Advanced Usage

File aliasing

The tesseract CLI can load data from local disk or any fsspec-compatible resource (HTTP, FTP, S3, etc.) using the @ syntax.

Use --input-path to mount a folder into the Tesseract (read-only). Paths in the payload must be relative to --input-path:

tesseract run filereference apply \
    --input-path ./testdata \
    --output-path ./output \
    '{"inputs": {"data": ["sample_2.json", "sample_3.json"]}}'

See the filereference example for a complete walkthrough.

To write output to a file, use --output-path (also supports fsspec-compatible targets):

$ tesseract run vectoradd apply --output-path /tmp/output @inputs.json

See also

For handling large datasets that don’t fit in memory, see the out-of-core dataloading tutorial which demonstrates streaming data through Tesseracts using file references and volume mounts.
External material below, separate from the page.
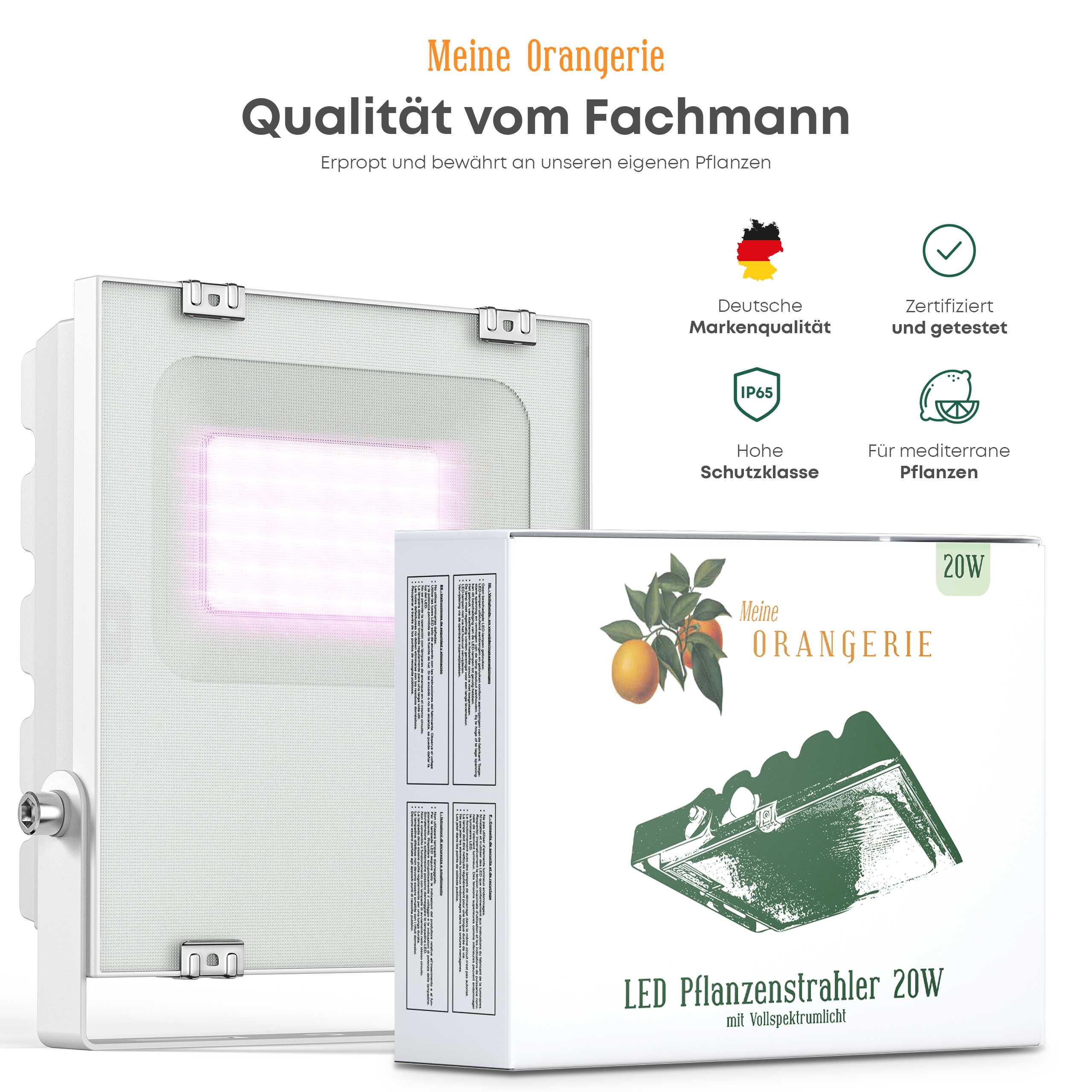 Blattverlust während der Überwinterung von mediterranen Kübelpflanzen wie z.B. Zitronen- oder Orangenbäumen ist ein regelmäßiges Problem bei der Überwinterung der Pflanzen in einer warmen Wohnung. Der Blattverlust entsteht, weil es bei Temperaturen über 10° C regelmäßig zu dunkel für die Pflanzen ist, die sehr viel Licht für die Photosynthese benötigen. Auch ein Fensterplatz kann nicht genug Licht liefern, da moderne, mehrfach verglaste Fenster zu wenig Lichtenergie durchlassen. Hier kommt die Lösung des Problems:Mit dem LED-Pflanzenstrahler erhalten Sie ein Spezialprodukt, das speziell für mediterrane Pflanzen zur Pflanzenbeleuchtung während der Überwinterung eingesetzt werden kann. Der LED-Pflanzenstrahler verfügt über einen Abstrahlwinkel von 120°. Der Pflanzenstrahler eignet sich damit bestens, um große Zitruspflanzen oder eine ganze Sammlung an kleinen und mittleren Zitruspflanzen während der Überwinterung mit Lichtenergie zu versorgen. ✔️MÜHELOSE ÜBERWINTERUNG - In unseren Pflanzenlampen steckt neueste LED-Technik für die einfache Überwinterung ihrer mediterranen Pflanzen und Zitruspflanzen. Egal ob in der Wohnstube, im Keller, in der Garage oder im Treppenhaus. ✔️ IDEALES LICHTSPEKTRUM - Die Lichtfarben der LED Pflanzenlampe Vollspektrum sind speziell auf die Bedürfnisse mediterrane und Zitruspflanzen abgestimmt. Andere Lampen erfüllen nicht die hohen Anforderungen von mediterranen Pflanzen. ✔️ MIT PFLANZENPROFIS IN DEUTSCHLAND ENTWICKELT - Unser LED Pflanzenlicht ist getestet und bewährt an tausenden mediterranen Pflanzen von Meine Orangerie Das sind die Vorteile unserer LED-Pflanzenlampen: ECHTE QUALITÄT - LED von Spezialisten in Deutschland entwickelt und getestet EXTREM SPARSAM - sehr energieeffizient und sparsam im Stromverbrauch KEINE AUFHEIZUNG - unsere LED-Dioden generieren nur wenig Wärme SEHR SICHER - Inkl. Enlüftungsventil & Blendschutzglas - enthalten kein Quecksilber oder andere giftige Substanzen DIREKT AUF 100% - leuchten sofort nach dem Einschalten mit dem vollen Lichtstrom LANGE LEBENSDAUER - sind sehr haltbar und langlebig aufgrund hochwertiger Materialien FOKUS PFLANZE - geben ein geradliniges und effektives Licht ab, dass nicht nach dem „Gießkannenprinzip“ ausleuchtet NUR VOM FEINSTEN - nur das Lichtspektrum, dass die Pflanze braucht und verwertet STECKERFERTIG UND WARTUNGSFREI - Qualitäts-LED Strahler sind kinderleicht in der Anwendung STOSSFEST & VIBRATIONSFEST - dank guter Verarbeitung HOHE SCHUTZKLASSE - IP65 - schützt die Leuchte vor Wasser und Staub Positive Beeinflussung bei der Photomorphogenese Produktmaße: Die Lampe ist 19,5cm breit und 19,3cm hoch bei einer Tiefe von 4,8cm. (Die Höhe bezieht sich nur auf die Lampe selbst. Mit dem Bügel gemessen ist sie rund 22,5cm hoch.)

Logging metrics and artifacts

Tesseracts can log metrics and artifacts (e.g., iteration numbers, VTK files) as shown in the metrics example:

# Copyright 2025 Pasteur Labs. All Rights Reserved.
# SPDX-License-Identifier: Apache-2.0

from pydantic import BaseModel

from tesseract_core.runtime.experimental import log_artifact, log_metric, log_parameter


class InputSchema(BaseModel):
    pass


class OutputSchema(BaseModel):
    pass


def apply(inputs: InputSchema) -> OutputSchema:
    """This demonstrates logging parameters, metrics and artifacts."""
    print("This is a message from the apply function.")

    log_parameter("example_param", "value")

    for step in range(10):
        metric_value = step**2
        log_metric("squared_step", metric_value, step=step)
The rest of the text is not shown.